Profil de la victime

L'homme tué a été identifié comme un citoyen turc de 25 ans qui vivait en Grèce depuis environ un an et demi, arrivé en 2024. En Turquie, il était bien connu des autorités, avec un lourd casier judiciaire: vols, cambriolages, trafic de stupéfiants, port d'arme illégal, violences et fraude bancaire numérique. Des sources policières grecques ont indiqué qu'il avait été contrôlé deux fois lors de vérifications aléatoires, une fois à Volos et une fois à Athènes, mais qu'il n'avait pas de casier en Grèce et était considéré comme «vierge» dans les fichiers locaux.

Le mobile

Les enquêteurs de la Direction de la lutte contre la criminalité organisée travaillent sur deux hypothèses principales. La première est un règlement de comptes lié aux stupéfiants; la seconde est la poursuite du cycle d'extermination mutuelle entre groupes turcs rivaux, observé à plusieurs reprises en Grèce ces dernières années. Les agents n'excluent pas non plus que la victime ait fui la Turquie pour chercher refuge, mais ait fini par être retrouvée par ses poursuivants.

Les éléments recueillis jusqu'à présent suggèrent que les deux hommes se connaissaient. Des témoins ont indiqué à la police qu'une vive dispute entre la victime et le meurtrier avait éclaté vers 17 heures le même jour, plusieurs heures avant la fusillade. Les autorités considèrent cet acte comme un assassinat prémédité, le coupable ayant attendu son heure, abordant la victime par derrière alors qu'elle descendait les marches.

Le chien

Un petit chien qui accompagnait la victime dans sa vie quotidienne était avec lui au moment des tirs.

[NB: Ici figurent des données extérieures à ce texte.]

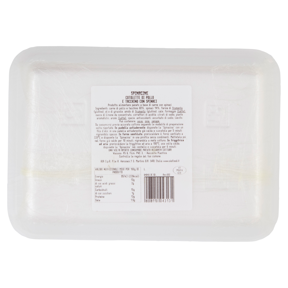 Aia Spinacine Originali Cotoletta di Pollo e Tacchino con Spinaci 0,300 kg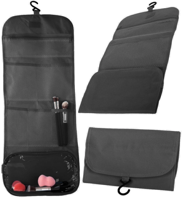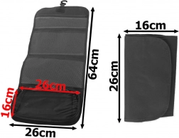 Geantă de toaletă practică, concepută pentru organizarea ușoară a nevoilor personale. Este suficient să o atârnați în baie și să aveți toate produsele cosmetice la îndemână, fără a pierde spațiu prețios. Ideală pentru călătorii, potrivită pentru bărbați și femei.

Après que les secours eurent constaté le décès, les agents ont retrouvé l'animal caché en silence sous le bras du défunt, trop effrayé pour bouger, même lorsque la police et les voisins ont tenté de l'inciter à s'éloigner. Des habitants, qui avaient d'abord craint que le chien ne soit blessé, ont ensuite exprimé leur intérêt pour le recueillir; la police les a orientés vers le commissariat d'Exarcheia pour suivre la procédure standard.